## Exercise inputs
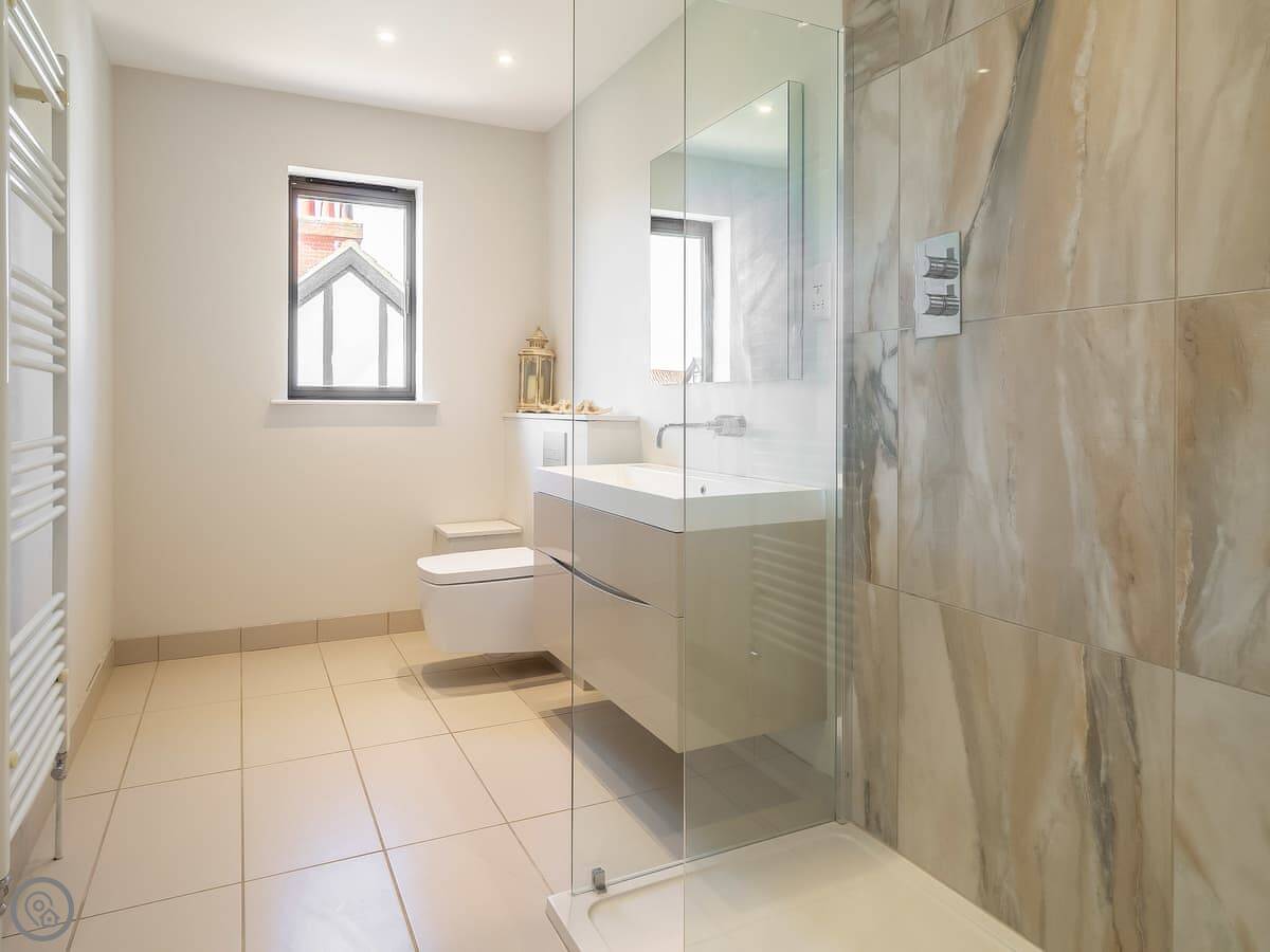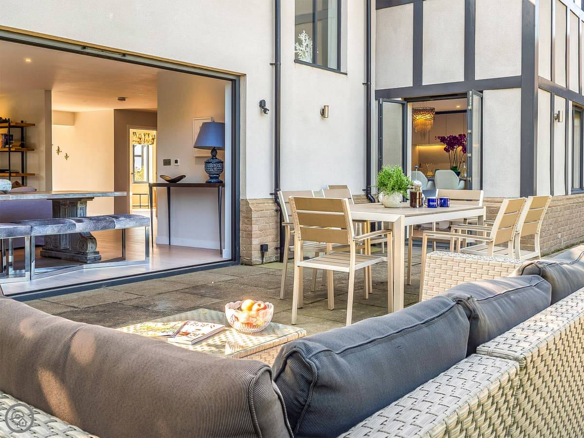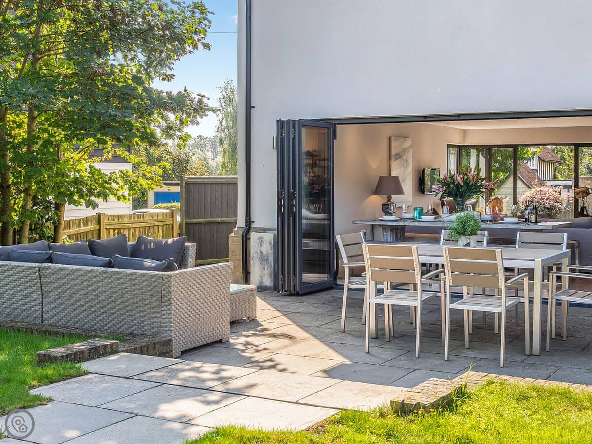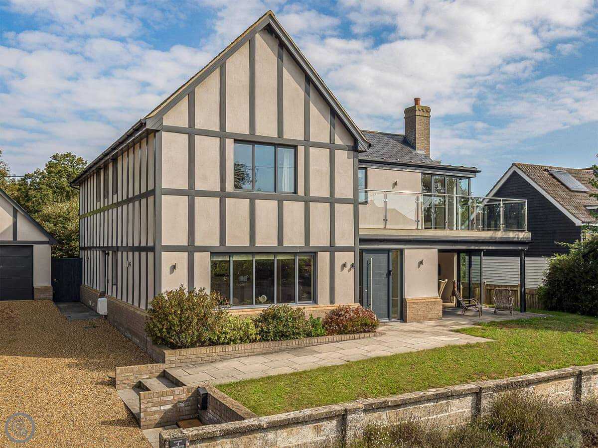 This is Mallards in Thorpeness. It's a detached house, built about nine years ago in a modern take on the local style. Sleeps eight, four bedrooms, each with its own bathroom. That's handy with a group.
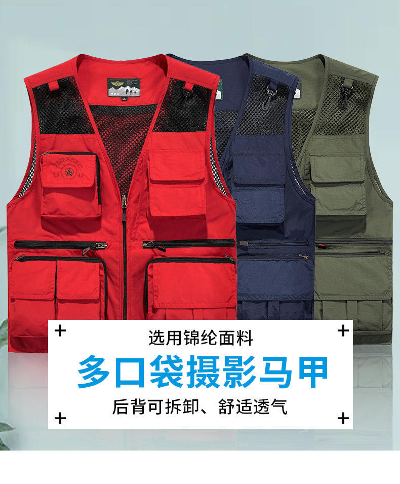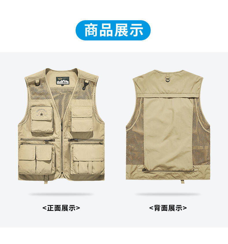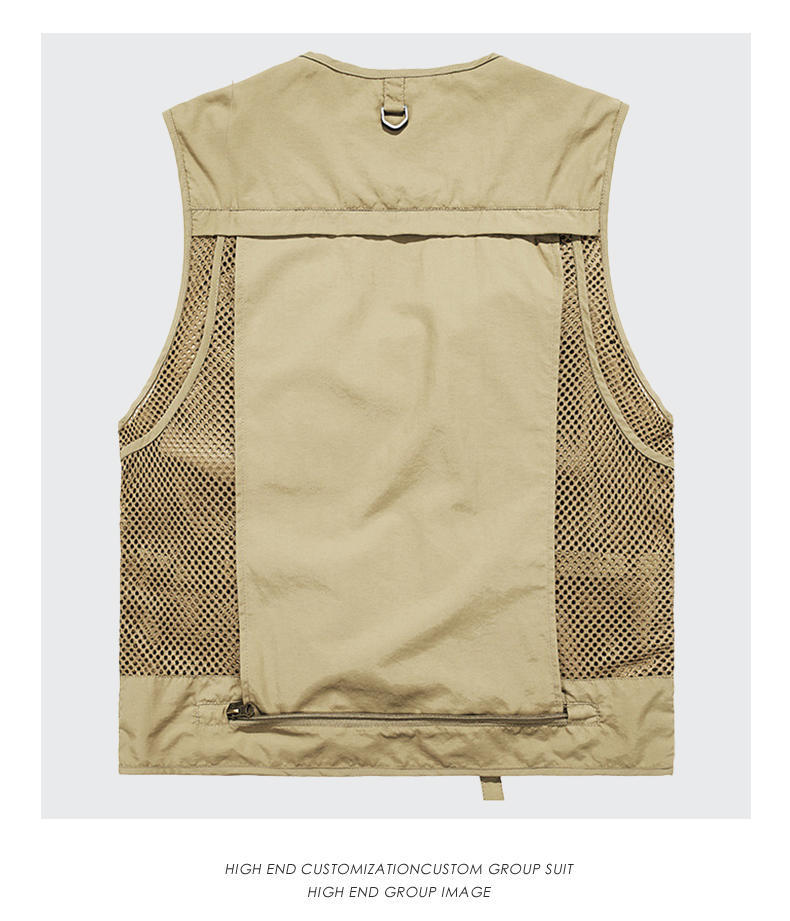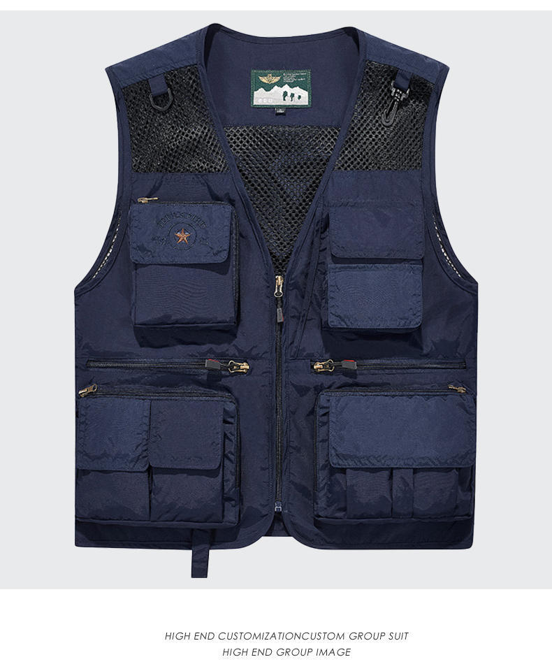 야외 멀티 포켓 조끼 남자의 봄과 가을 빠른 건조 낚시 사진 등산 조끼 토핑 허리 코트 인쇄 및 자수 로고스토어 가기
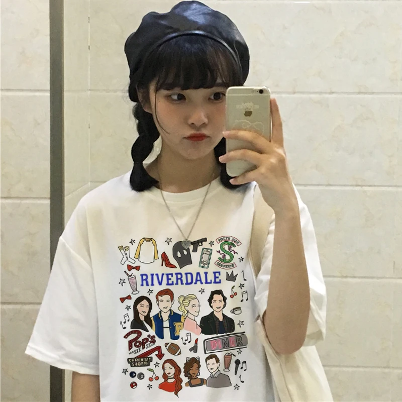 Летняя новинка, свободная футболка с коротким рукавом, ривердэйл, с надписью ins, в стиле Харадзюку, Женская Винтажная Футболка с принтом в стиле панк, повседневная женская футболка
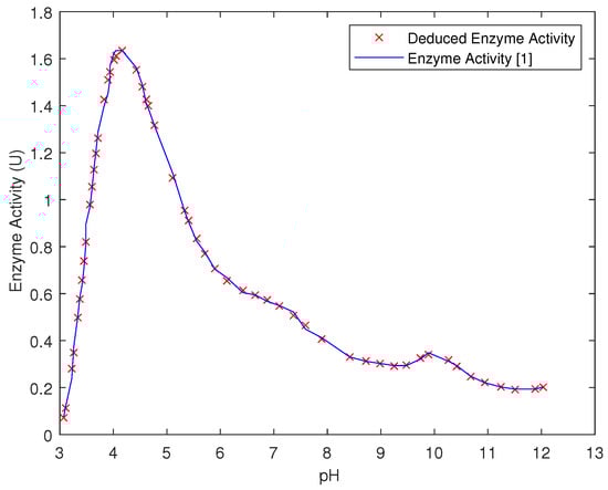 The ANFIS SISO model for the pH–enzyme activity is trained to capture the nonlinear relationship between reaction pH and enzyme activity, as shown in Figure 10. The training goal was reached with a mean error of 2.577 × 10.
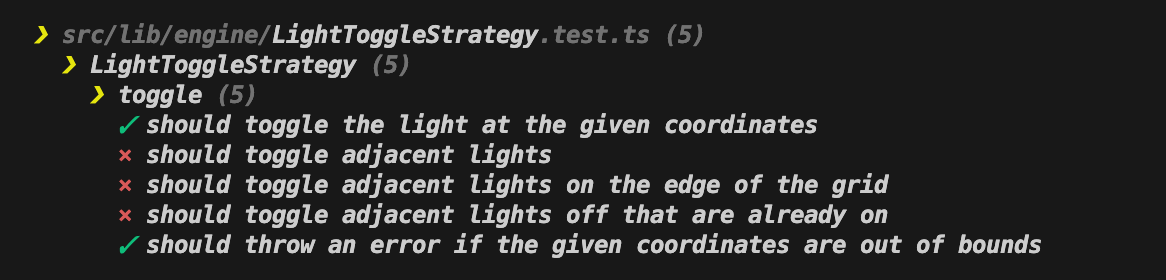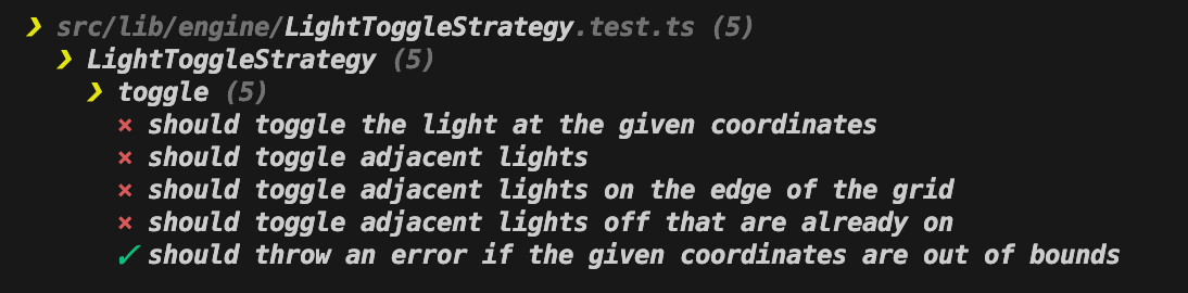 export class LightToggleStrategy {}The main functionality revolves around the toggle method. This method must toggle the state of the specified light. However, I will tackle the error conditions first:
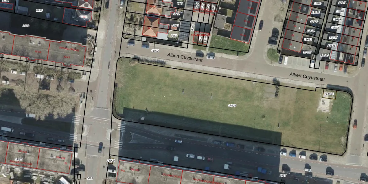 Het perceel waarop Albert Cuypstraat 7 staat heeft een oppervlakte van 4155 m². Dit is een zeer groot perceel. De perceeloppervlakte wordt geregistreerd door het Kadaster. Gedetailleerde informatie over de maten van dit perceel kunt u vinden in het rapport Kadastrale kaart met maatvoering van Albert Cuypstraat 7.

## Assignment
Starting with the line that holds "Летняя новинка, свободная", copy every line exactly through the final line of the material, but skip the pictures.

## Answer for the task
 Летняя новинка, свободная футболка с коротким рукавом, ривердэйл, с надписью ins, в стиле Харадзюку, Женская Винтажная Футболка с принтом в стиле панк, повседневная женская футболка
 The ANFIS SISO model for the pH–enzyme activity is trained to capture the nonlinear relationship between reaction pH and enzyme activity, as shown in Figure 10. The training goal was reached with a mean error of 2.577 × 10.
 export class LightToggleStrategy {}The main functionality revolves around the toggle method. This method must toggle the state of the specified light. However, I will tackle the error conditions first:
 Het perceel waarop Albert Cuypstraat 7 staat heeft een oppervlakte van 4155 m². Dit is een zeer groot perceel. De perceeloppervlakte wordt geregistreerd door het Kadaster. Gedetailleerde informatie over de maten van dit perceel kunt u vinden in het rapport Kadastrale kaart met maatvoering van Albert Cuypstraat 7.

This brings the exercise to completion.